1, tell a family story

Guiding children to know that death is a natural life phenomenon can start with sharing family stories together.

It is suggested that when family members get together to chat, they can find out the yellowed photos and talk to their children about their parents' biological parents or grandparents who have passed away. Where did they come from? Do what? How many children do you have? What did they like to play at that time? What to eat? What is the happiest or saddest thing? You can also draw these stories with your children, and gradually understand life and death in drawing and telling stories.

2. Using pets as a medium

Many babies like keeping pets. Pets have a short life span and can easily become children's first experience of contact with death. Parents may wish to make good use of the opportunity of life education.

The death of pets often arouses children's doubts about death. Where did the dog go? What is heaven? Can I go with you? More and more research points out that if children are encouraged to ask questions related to death, allowed to express their emotions, and often cared for, then they can face the death of their loved ones more calmly.
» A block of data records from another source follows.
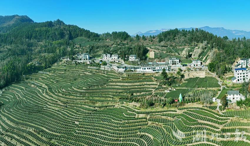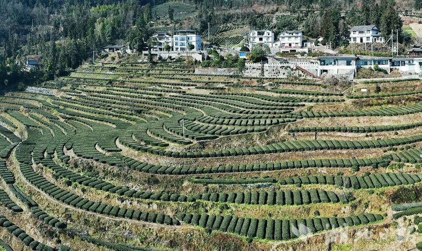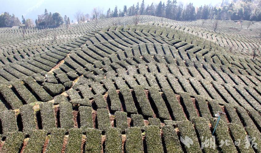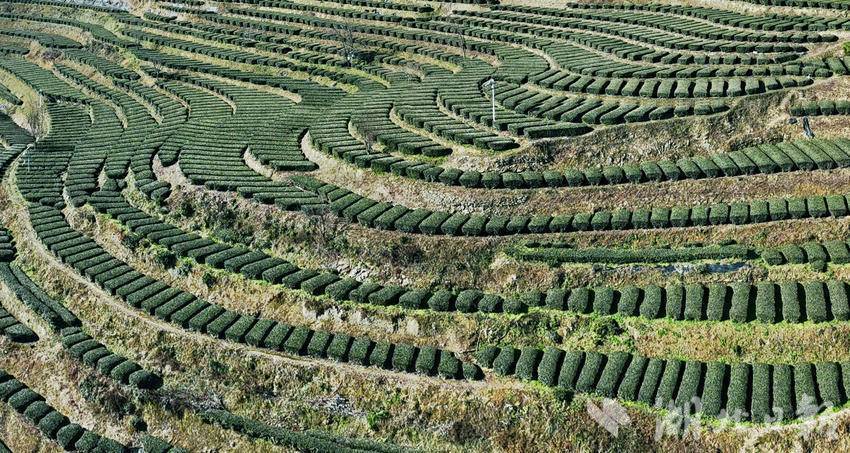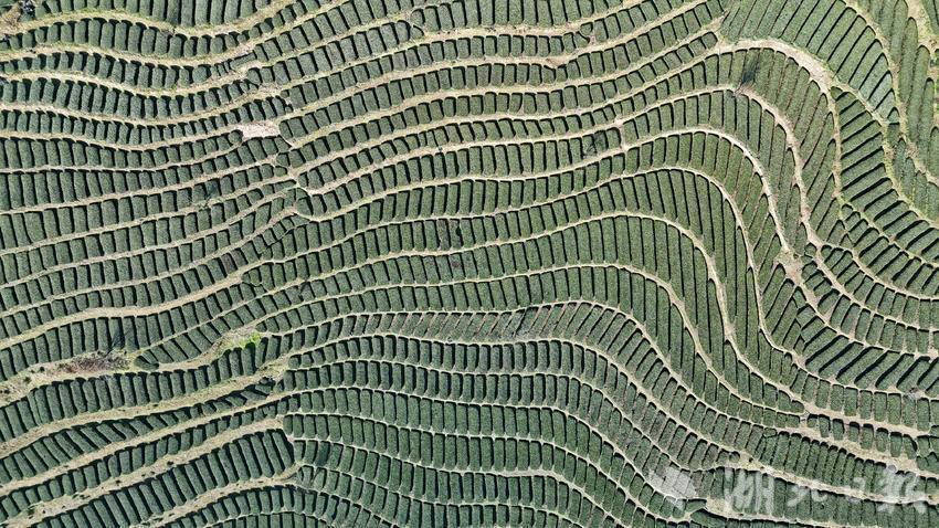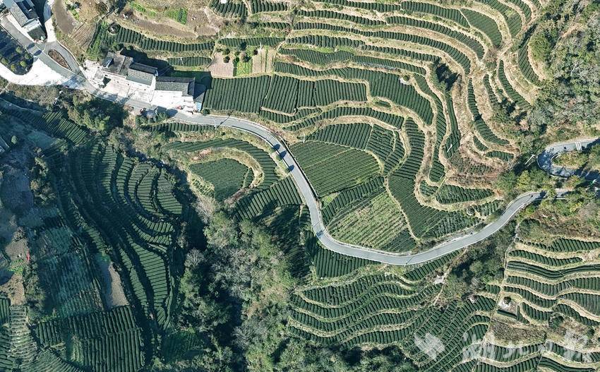 从空中俯瞰,茶垄随山势蜿蜒起伏,墨绿的茶树排列成行,宛如大地上的“五线谱”;白墙黛瓦的民居点缀于茶垄之间,与黄绿交织的田野相映成趣,乡野的烟火气与茶山的宁静和谐共存。虽已寒冬,茶树依然青翠,在晴光下舒展枝叶,静待春来吐新芽。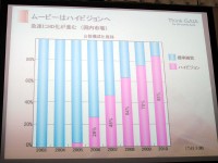 さらに、デジタルムービー市場でHD化が急速に進んでいることや、HD対応薄型テレビの普及率が上がっていることに言及。どちらも2010年にはHD対応モデルが市場のほとんどを占めるだろうと予測した。「2003年に『C1』を発売して以来、Xactiは記録画素数の向上やムービー機能の強化に努めてきた。今回フルHDモデルを投入することで、Xactiのラインナップは更に充実した。エルゴノミクススタイルを採用し、手になじみ使いやすいボディを実現したほか、ムービーと写真両方をスムーズに撮影できる。さらに、筐体が小さく軽いので、携帯性にも優れている。Xactiを使って、日々の感動を未来に残してほしい」(久保氏)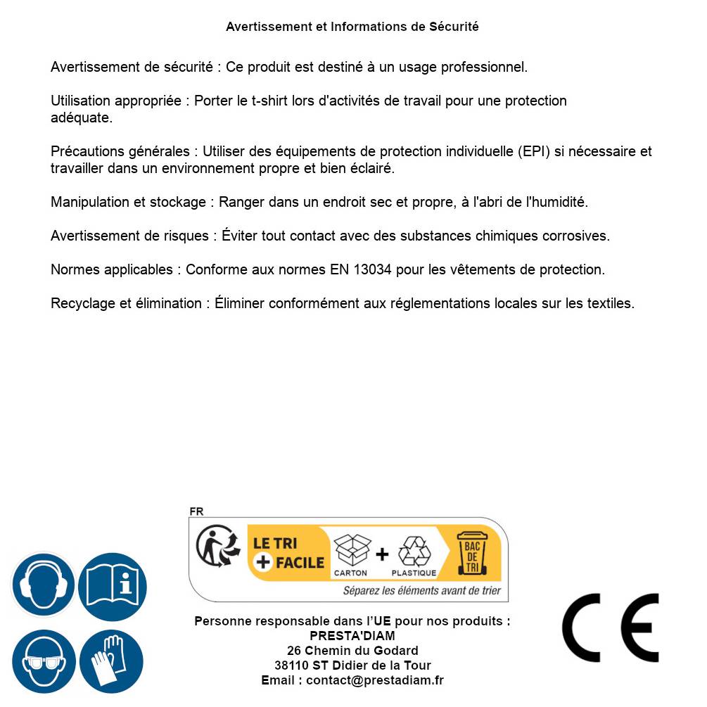 | Personne responsable UE | PRESTA'DIAM 26 Chemin du Godard 38110 ST Didier de la Tour Email : contact@prestadiam.fr |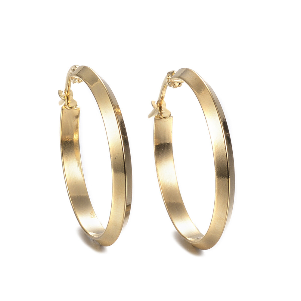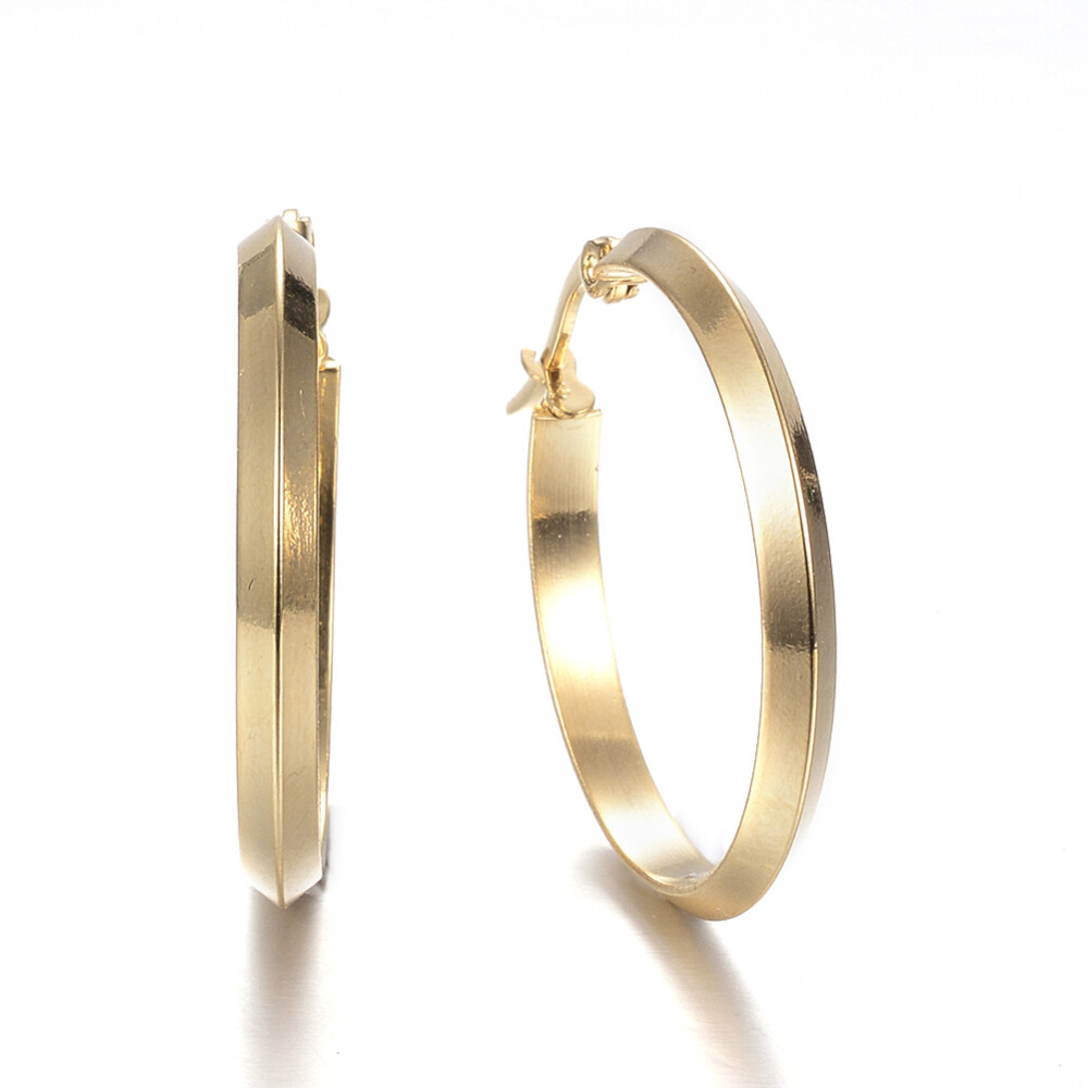 Specification Size Info Size 34.5x33x3mm; Pin: 1x0.8mm Material Stainless Steel Metal Color Golden Usage Earrings Package Size 1 Pairs per package Description: 304 Stainless Steel Hoop Earrings, Golden Size: about 0.6" up to 1.4" wide, 34.5mm long, 3mm thick; pin: 1x0.8mm.

Let the children watch The Lion King. When Simba the lion's father dies, the children in front of the TV will cry with him. In fact, they are "practicing" their sadness and learning to let their emotions have an outlet.

3. Know life and death from nature

Let children experience the changes of seasons, such as watching the process of leaves from newborn to withered. A clinical counselor chose to let his children plant trees, knowing that "flowers bloom and fall, flowers die, but another flower is born".

4. Read death gently with your children.

Opening a picture book and reading a story about death is actually one of the most natural ways to talk about death with children. When the child has to face the departure of relatives and pets, when the child has to face the cruel reality that he is terminally ill and about to die, give him a picture book and read it with him gently.